» **Task item**: Restate all the entries exactly as they appear, apart from the pictures.

» **Source records**:

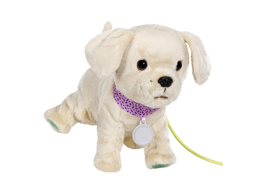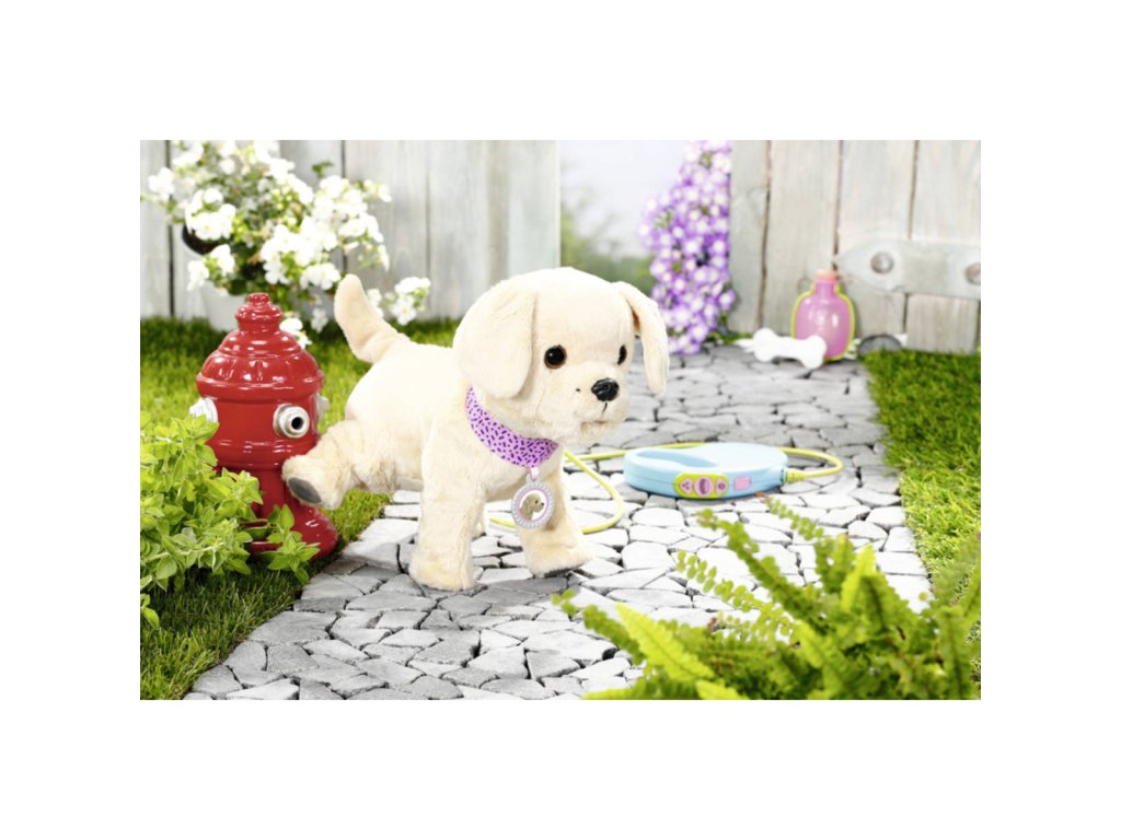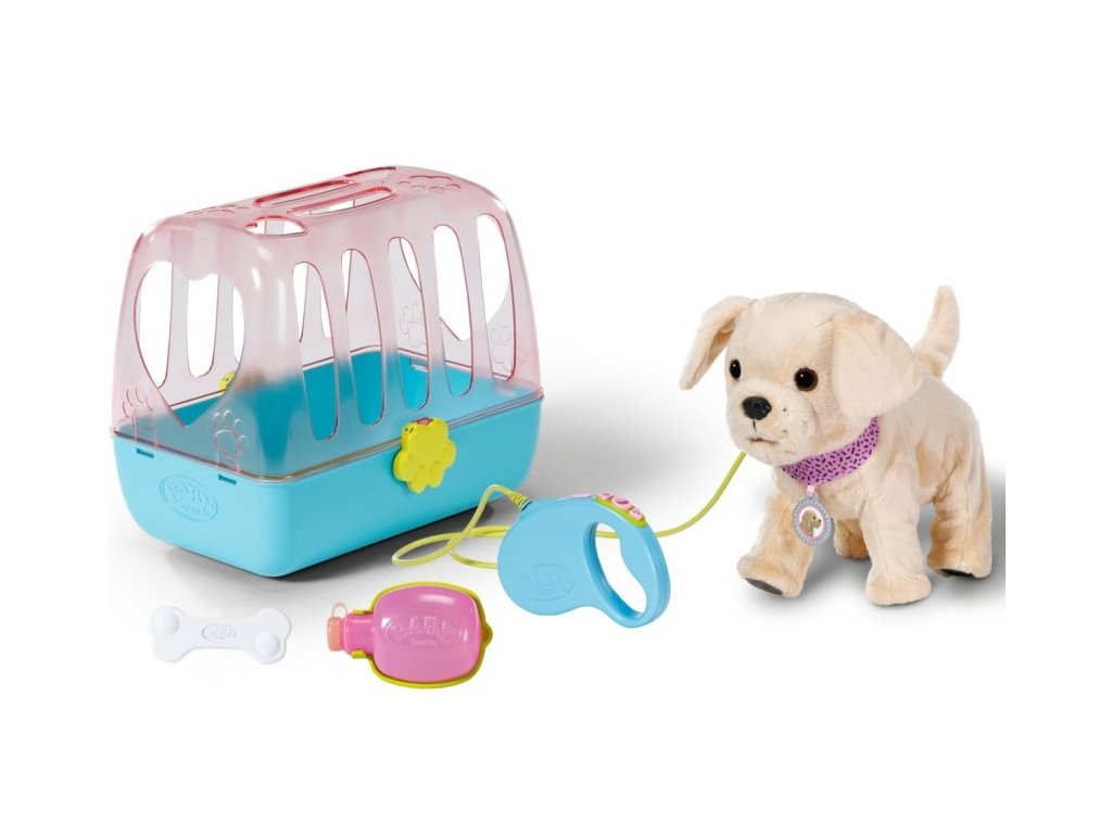 Kamarád BABY born, veselý pejsek, chodí na vodítku a vesele štěká. Když ho pohladíte po zádech, vrtí ocáskem a uslyšíte roztomilé psí zvuky. Umí pít vodu ze své mističky. Skloní hlavu, vyplázne jazyk a je slyšet, jak srká. Poté, co se napije, zvedne nohu a vyčůrá se. Skoro jako opravdový pejsek! Samozřejmě potřebuje i svou kostičku: pokud ji pejskovi přidržíte před čumáčkem, uslyšíte zvuky chroupání. Jeho box využijete nejen při cestování, ale také jako místo, kde může pejsek odpočívat.
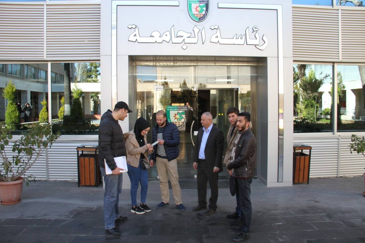 هذا وشكر الطلبة رئيس الجامعة على دعمه اللامحدود للأفكار ومبادرات الطلبة التي تنطلق من حسهم الوطني والتفافهم حول القيادة الهاشمية .
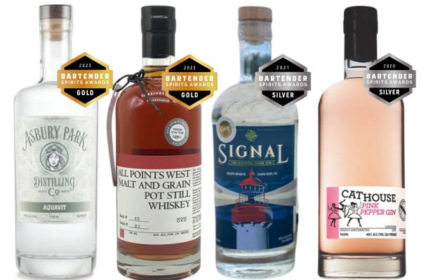 Image: Winning members from the New Jersey Craft Distillers Guild at the Bartender Spirits Awards; (L - R) Asbury Park Distilling Co. Aquavit, All Points West Grain and Malt Pot Still Whiskey, Nauti Spirits Distillery - Signal the Coastal Farm Gin, Cathouse Pink Pepper Gin
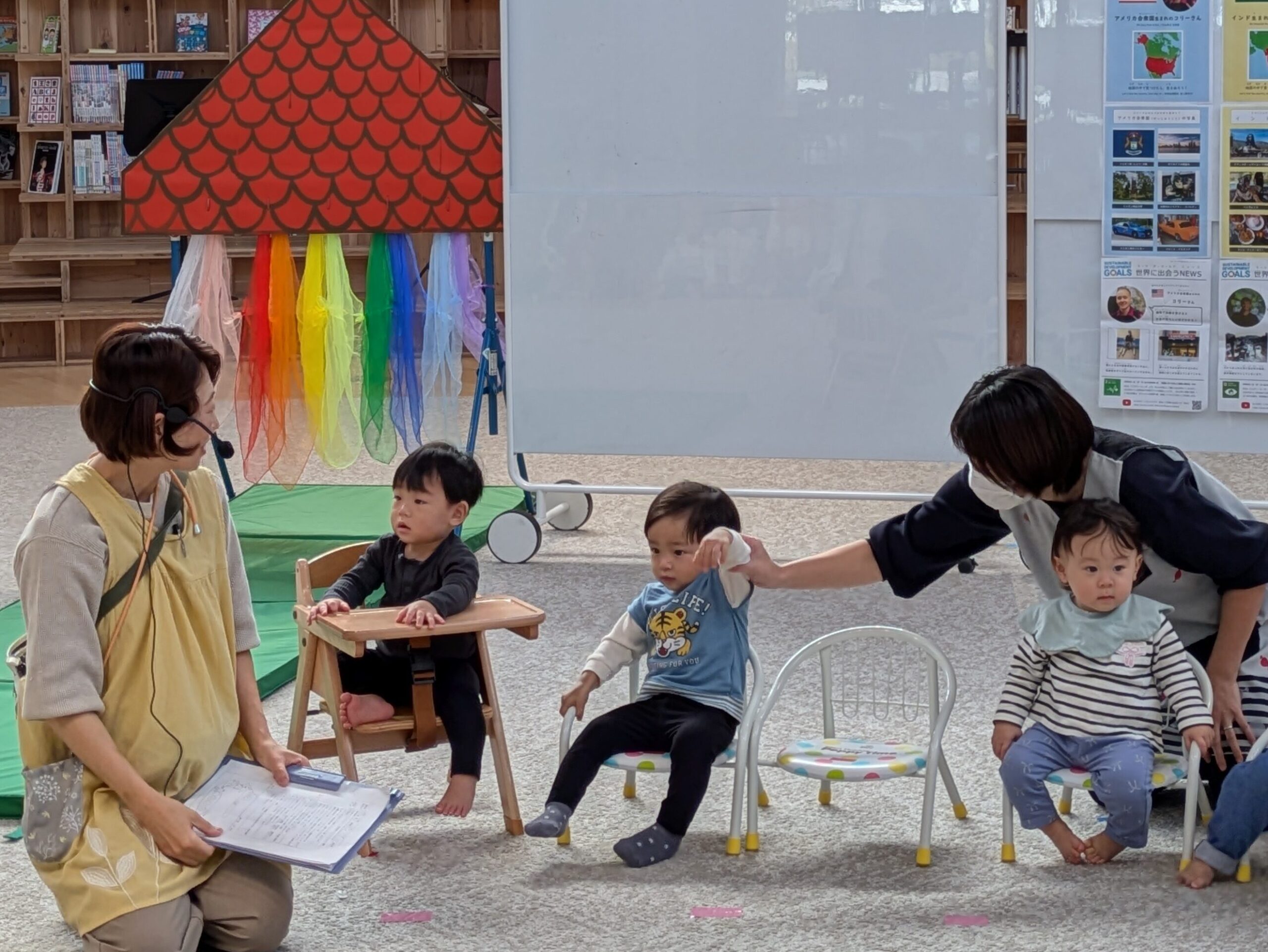「すくすく」(0~2歳児)は普段のこども園生活を見てもらおう!ということで、構成しました。
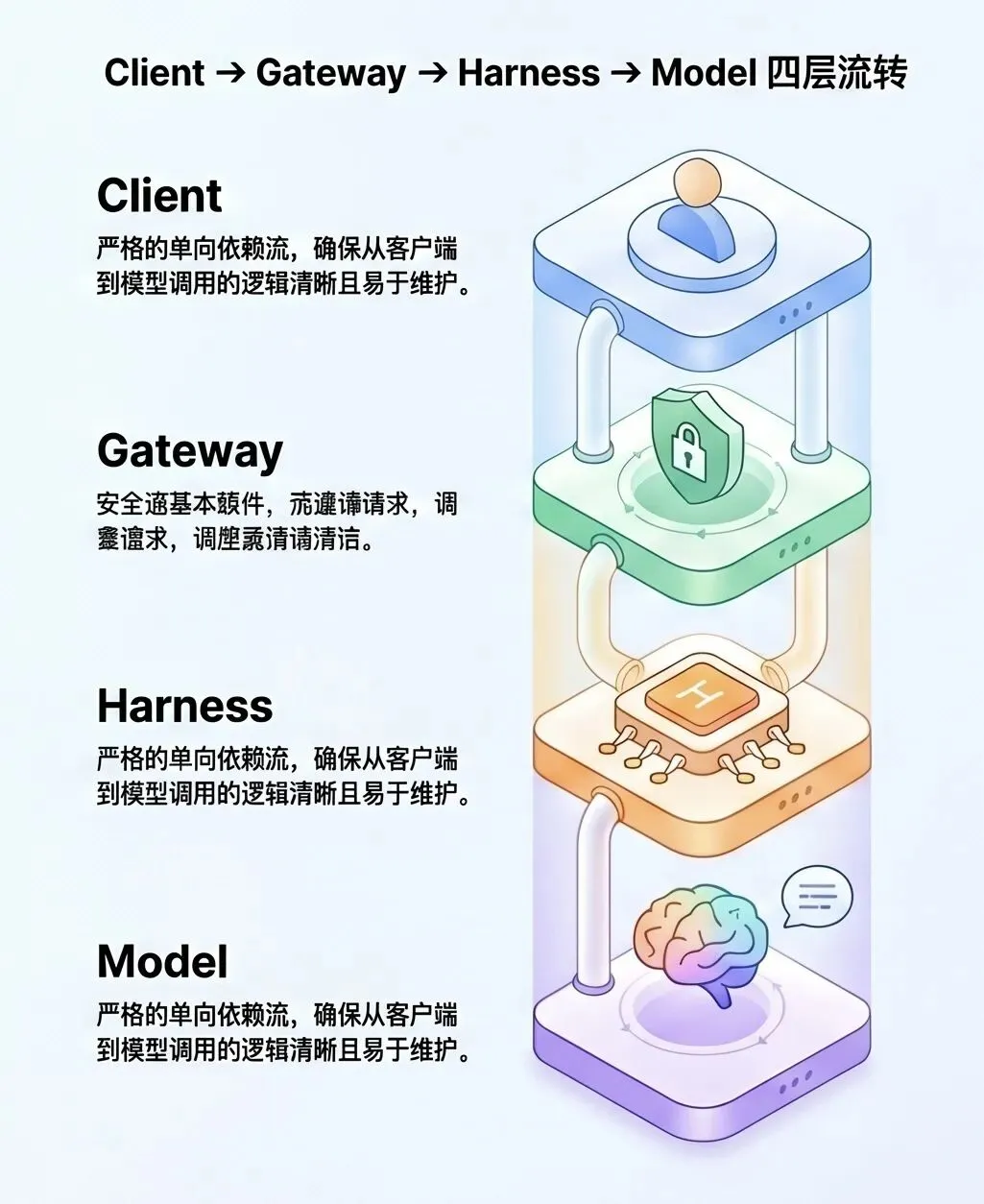 解剖的工具不是手术刀,而是源码。全书围绕 OpenClaw 2026.4.15版本源码,顺着四层架构(Client → Gateway → Harness → Model)逐层拆解。从流量入口到模型末梢,每一步都精准标注了源码路径(如src/gateway/server.ts:42),每一条设计决策皆有据可查。
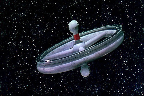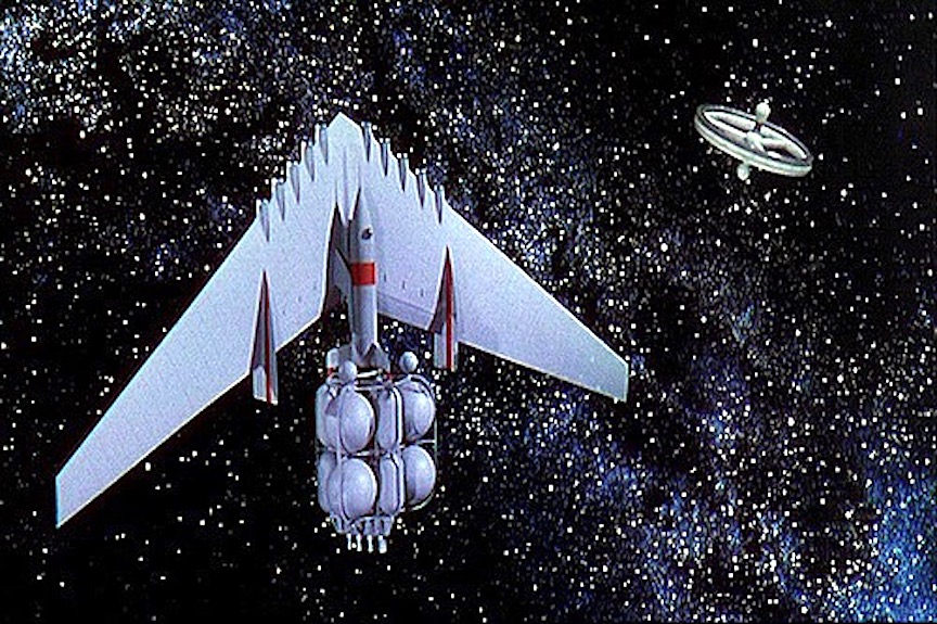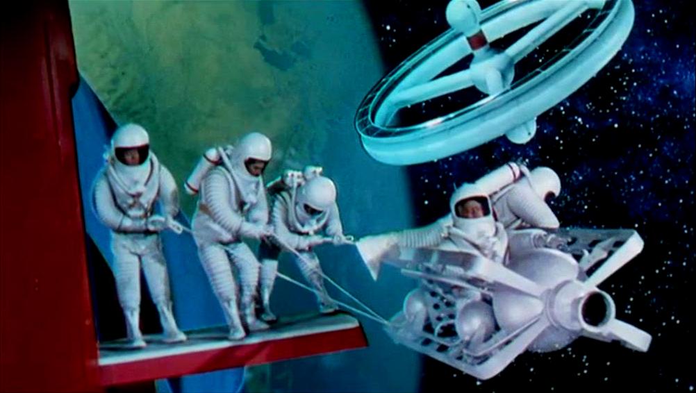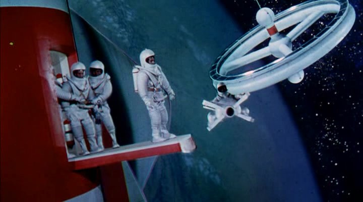 Narrator: This is a story of tomorrow, or the day after tomorrow, when men have built a station in space, constructed in the form of a great wheel, and set a thousand miles out from the Earth, fixed by gravity, and turning about the world every two hours, serving a double purpose: an observation post in the heavens, and a place where a spaceship can be assembled, and then launched to explore other planets, and the vast universe itself, in the last and greatest adventure of mankind, the plunge toward the…
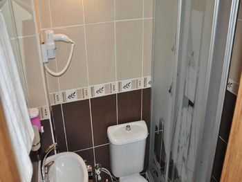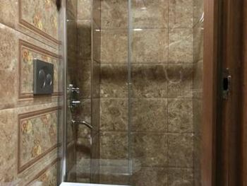 Очень тесная ванная комната. Раздвижные двери душевой кабины сломаны.
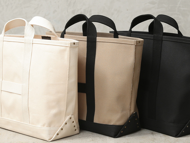 電気工事作業員が工具を入れるために作られたバッグをベースに現代の素材と技術で再構築したバークアウトサイダースらしいトートバッグが登場。生地には、太番手の糸で織り上げた生成りのキャンバスを採用。日本製の号帆布では表現できない、アメリカ特有の織りによるラフで素朴な表情が特徴です。パラフィン加工を施していないため、使い込むほどに風合いが増し、経年変化も楽しめる素材感に仕上がっています。
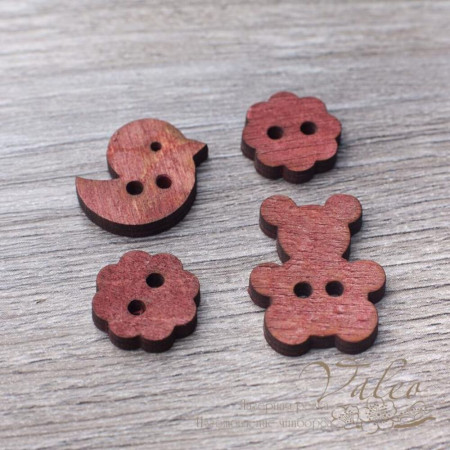 Набір дерев'яних ґудзичок бордового кольору. Розмір ґудзичок 16...27мм. В упаковці 4 ґудзички
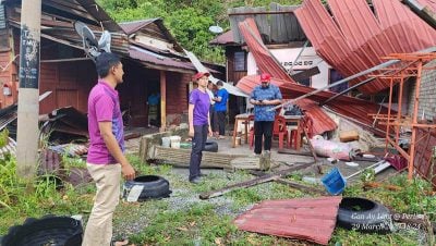(加央30日讯)玻璃市昨午遭遇暴风雨席卷,有近300户民宅遭遇风灾,初步估计损失近100万令吉。

» **Answer section**:
 Kamarád BABY born, veselý pejsek, chodí na vodítku a vesele štěká. Když ho pohladíte po zádech, vrtí ocáskem a uslyšíte roztomilé psí zvuky. Umí pít vodu ze své mističky. Skloní hlavu, vyplázne jazyk a je slyšet, jak srká. Poté, co se napije, zvedne nohu a vyčůrá se. Skoro jako opravdový pejsek! Samozřejmě potřebuje i svou kostičku: pokud ji pejskovi přidržíte před čumáčkem, uslyšíte zvuky chroupání. Jeho box využijete nejen při cestování, ale také jako místo, kde může pejsek odpočívat.
 هذا وشكر الطلبة رئيس الجامعة على دعمه اللامحدود للأفكار ومبادرات الطلبة التي تنطلق من حسهم الوطني والتفافهم حول القيادة الهاشمية .
 Image: Winning members from the New Jersey Craft Distillers Guild at the Bartender Spirits Awards; (L - R) Asbury Park Distilling Co. Aquavit, All Points West Grain and Malt Pot Still Whiskey, Nauti Spirits Distillery - Signal the Coastal Farm Gin, Cathouse Pink Pepper Gin
「すくすく」(0~2歳児)は普段のこども園生活を見てもらおう!ということで、構成しました。
 解剖的工具不是手术刀,而是源码。全书围绕 OpenClaw 2026.4.15版本源码,顺着四层架构(Client → Gateway → Harness → Model)逐层拆解。从流量入口到模型末梢,每一步都精准标注了源码路径(如src/gateway/server.ts:42),每一条设计决策皆有据可查。
 Narrator: This is a story of tomorrow, or the day after tomorrow, when men have built a station in space, constructed in the form of a great wheel, and set a thousand miles out from the Earth, fixed by gravity, and turning about the world every two hours, serving a double purpose: an observation post in the heavens, and a place where a spaceship can be assembled, and then launched to explore other planets, and the vast universe itself, in the last and greatest adventure of mankind, the plunge toward the…
 Очень тесная ванная комната. Раздвижные двери душевой кабины сломаны.
 電気工事作業員が工具を入れるために作られたバッグをベースに現代の素材と技術で再構築したバークアウトサイダースらしいトートバッグが登場。生地には、太番手の糸で織り上げた生成りのキャンバスを採用。日本製の号帆布では表現できない、アメリカ特有の織りによるラフで素朴な表情が特徴です。パラフィン加工を施していないため、使い込むほどに風合いが増し、経年変化も楽しめる素材感に仕上がっています。
 Набір дерев'яних ґудзичок бордового кольору. Розмір ґудзичок 16...27мм. В упаковці 4 ґудзички
(加央30日讯)玻璃市昨午遭遇暴风雨席卷,有近300户民宅遭遇风灾,初步估计损失近100万令吉。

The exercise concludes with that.